Marco (Jean-Louis Trintignant) and his wealthy wife Anna (Gina Lollobrigida) run a futuristic chicken farm aided by their young secretary, Gabrielle (Ewa Aulin). Having sacked the workers and gone fully automated, the farm now turns record profits. But beneath the shiny veneer of capitalist success, Marco hides some rather sinister secrets. He spends his weekends at a discreet hotel with a string of hookers, playing kinky sex games that seemingly end in their deaths. On top of that, Marco plots to murder Anna and make off with her money, having begun an affair with the luscious Gabrielle. Two unexpected events throw a spanner in his meticulous plan. He grows paranoid that the advertising executive (Jean Sobieski) hired to promote the poultry plant is romancing Gabrielle on the side. Then a freak accident at the lab produces a new breed of grotesque headless, wingless mutant chickens. While Anna and the company stockholders see them as a potential goldmine, Marco is repulsed by the mutants and aims to see them as dead as his wife.
Although the above synopsis has been re-assembled for clarity’s sake, La morte ha fatto l’uovo or Death Laid An Egg forgoes linear storytelling in favour of a fragmented narrative juxtaposing past and present events with seemingly unrelated incidents, pop art imagery and philosophical musings. The bravura opening montage of seemingly random, unconnected events sets the tone: at the busy hotel a middle-aged man prepares to commit suicide. The man in the room next door eavesdrops on a couple having sex. He sneaks a peek from the balcony and sees the woman knifed to death by a killer in giallo regulation black gloves. The killer is Marco. Bruno Maderna supplies the suitably disorientating score, a mix of easy listening, jaunty Italian pop and eerie dissonent sounds - a nightmare you can groove to.
When giallo horror-thrillers exploded in Italy a wide spectrum of filmmakers were drawn to the form. Some were devotees of classic Hollywood thrillers and sought to update their mechanics for a more permissive age. Others simply revelled in sadism and sleaze. And then there were those who found a new freedom in the form to craft wildly experimental narratives touching on politics, semiotics and psychology. Former documentary filmmaker Giulio Questi fell into this latter group.
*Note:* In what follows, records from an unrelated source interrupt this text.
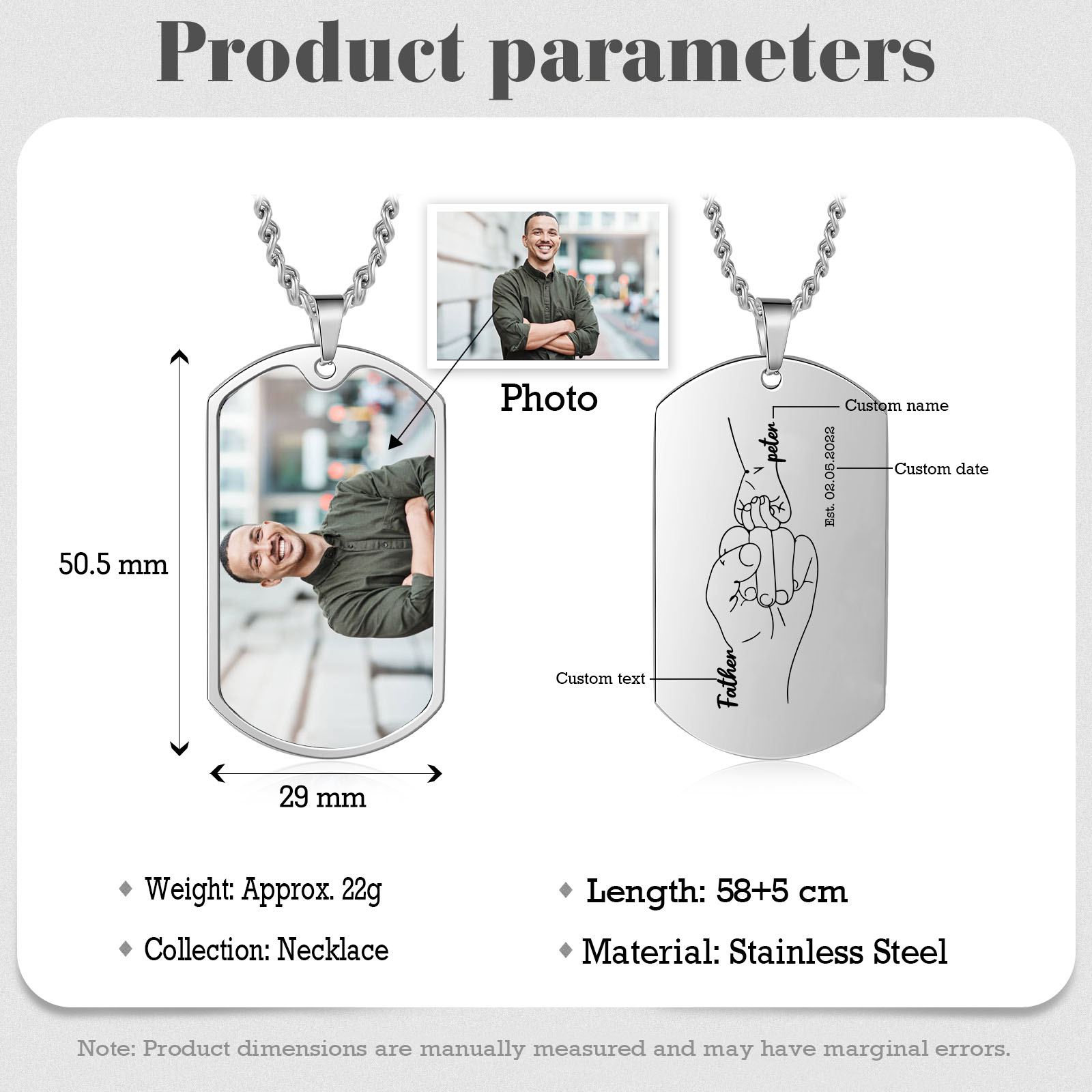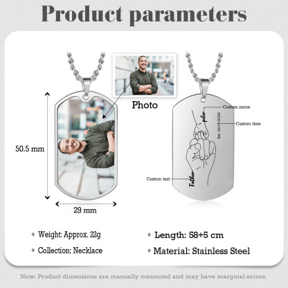 Custom Fist Bump Family Necklace with 1 Kid's Names Personalized Photo Dog Tag Necklace Father's Day Gifts
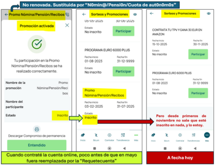 No sé si tienen mal la App, y la Web, o las van a dejar como están ahora, pues entrando por "S0rte0s y Pr0m0ci0nes" ahora no me sale (como a muchos más) que esté inscrito a lo que antes figuraba inscrito. Vale, han cambiado la pr0m0: antes eran 630 € (450 + 180 recibos) y ahora solo los 450 pero, aunque mi promo no esté vigente hoy, debería salir que sigo inscrito a la que me inscribí correctamente en su día. Cumplir ya han cumplido con los 450 y también -hasta ahora- con los 15€ por recibo mensual. Imagino que seguirán cumpliendo, pero nada me gusta que haya desaparecido a lo que estaba/estábamos inscrito/s. El incentivo 15€ por recibo domiciliado el mes pasado tendrán que pagarlo como muy tarde el próximo martes 11-nov (en los primeros 7 días hábiles de cada mes). Esperemos que lo sigan haciendo...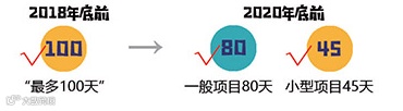 2018年底前,实现一般企业投资项目开工前审批“最多跑一次”“最多100天”;2020年底前,一般企业投资项目从赋码备案到竣工验收的审批时间压减至80天以内,小型项目压缩至45天以内。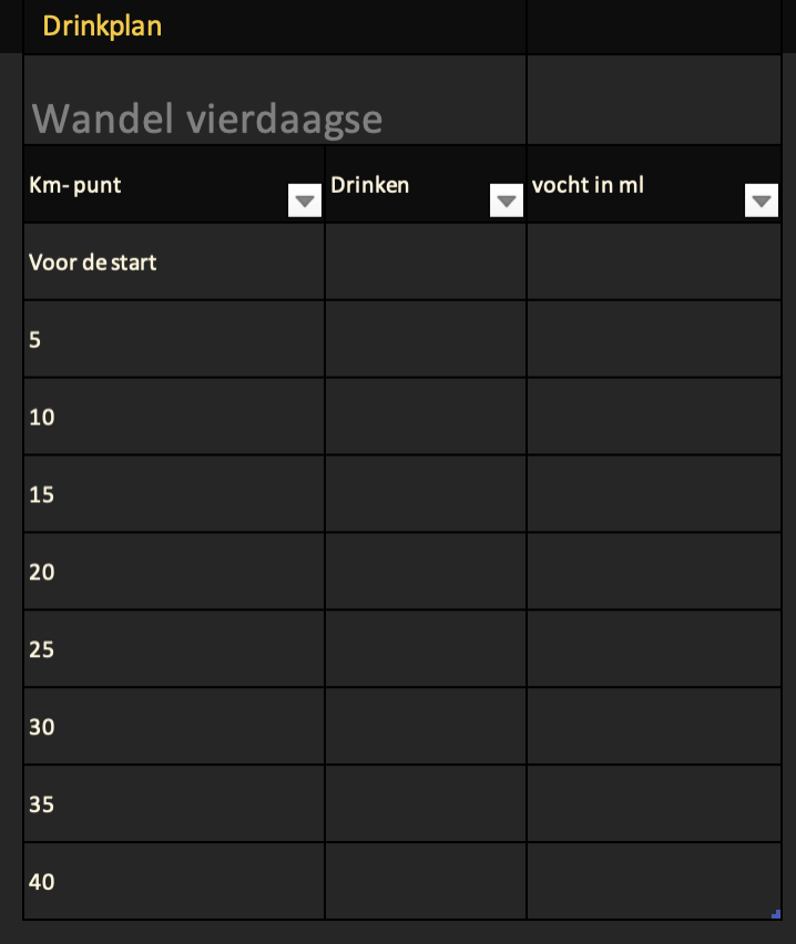 Drinkplan voor bijv. de Marbella 4Days Walking
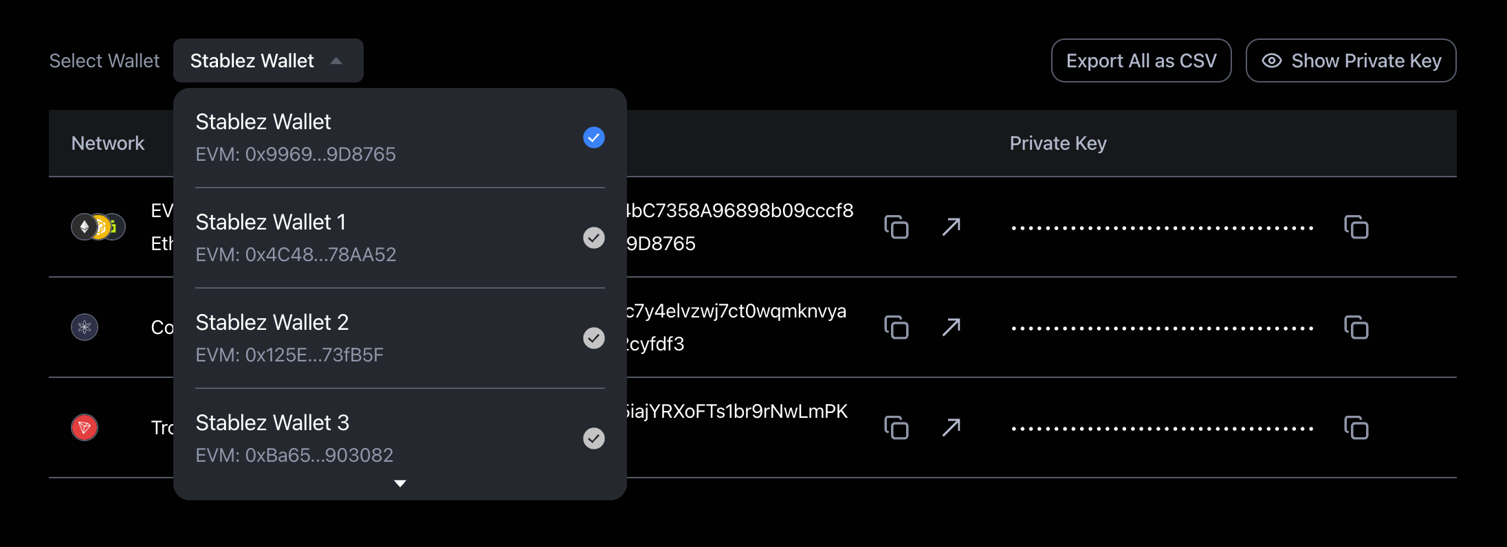 1. Or you can simply export all as CSV which contains private keys of all of your Stablez Wallets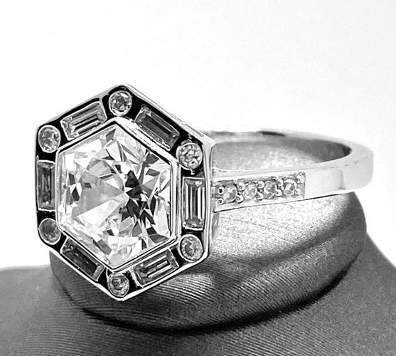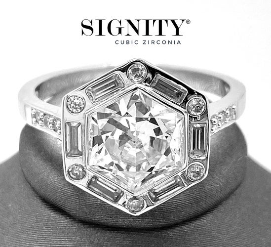 .925 Sterling Silver, 4.75ct "SIGNITY STAR" Cubic Zirconia Ring Size 9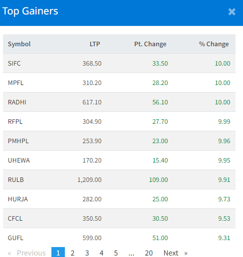 आज सबैभन्दा धेरै श्री इन्भेष्टमेन्ट फाइनान्स, मल्टिपर्पोज फाइनान्स कम्पनी, राद्यी विद्युत कम्पनीका लगानीकर्ताले कमाएका छन् । यी कम्पनीका लगानीकर्ताले १० प्रतिशतका दरले कमाएका छन् । रिभर फल्स पावर कम्पनीका लगानीकर्ताले ९ दशमलव ९९ प्रतिशतका दरले कमाएका छन् । पञ्चकन्यामाई हाइड्रोपावर कम्पनीका लगानीकर्ताले ९ दशमलव ९६ प्रतिशतका दरले कमाएका छन् ।
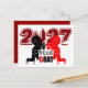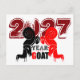 Double odd goats in black and red illustration. Design on postcard with large customizable 2027. You can easily change text (color, font, size and position) by clicking the customize button.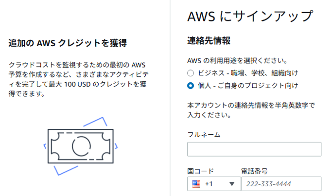 連絡先情報を入力して「AWS カスタマーアグリーメント」に同意したら

Having already assembled an agit-prop spaghetti western in Django Kill! (1967), he set his sights on subverting another popular genre with this audacious, ingenious, if somewhat infuriating giallo. For all its innovations within the giallo form, the film arguably draws heavily on the work of art-house heroes of the time. The influence of Jean-Luc Godard is apparent as is that of Luis Buñuel, particularly an amusing party scene where the haute bourgeoisie guests attempt to redefine themselves by destroying their prized possessions.
So what is it all about? Well, the film draws none-too-subtle parallels between the scheming characters, the monstrosities wrought by the hi-tech chicken farm and the gradual mechanization of modern life which has led to the dehumanization of society. The opening credits roll over images of chicken foetuses forming from billions of micro-organisms, perhaps illustrating the coldly scientific view of society held by the bourgeois psuedo-intellectual characters. Almost all the protagonists are prone to intellectualizing about dissecting things, whether that means increasing productivity at the farm, selling the public on the importance of eating chicken, self-improvement, or simply finding out what makes a beautiful enigma like Gabrielle tick. The implication is that by dismantling the natural order of things and indulging strange sociological experiments, society creates malformed mutants. One reason why Marco is so unnerved by the headless chicken creatures might be that they physically embody his psychological state of mind.
Like a lot of post-war, post-Neo Realist Italian cinema, the film has a Marxist bent. It’s all the rich folks' fault, see. However, beneath this right-on attitude lies a rather reactionary disdain for everything modern and progressive as the root of all evil. The sullen, hostile working class characters on view aren’t drawn any more sympathetically than the chic bourgeois schemers. Indeed the film is so fixated on the idea of glamorous upwardly mobile types as evil perverts, it lets worthier targets like heartless corporations and corrupt government off the hook. What keeps the film vivid and exciting, aside from Questi’s eye-catching technique, are the surprisingly distinctive performances. Nouvelle Vague icon Jean-Louis Trintignant, Fifties sex bomb Gina Lollibrigida (in arguably the most avant-garde movie she ever made) and Swedish beauty Ewa Aulin are all excellent as attractive yet unfathomable characters whose relationships remain ambiguous right up until the enigmatic, yet satisfying payoff.
Italian director who moved from film criticism to making political documentaries during the 1950s. Was an assistant on Fellini's La Dolce Vita before directing his two best known features in the late 60s, the unsettling western Django Kill! and the very strange giallo Death Laid an Egg. Worked mostly in Italian TV throughout the 70s and 80s.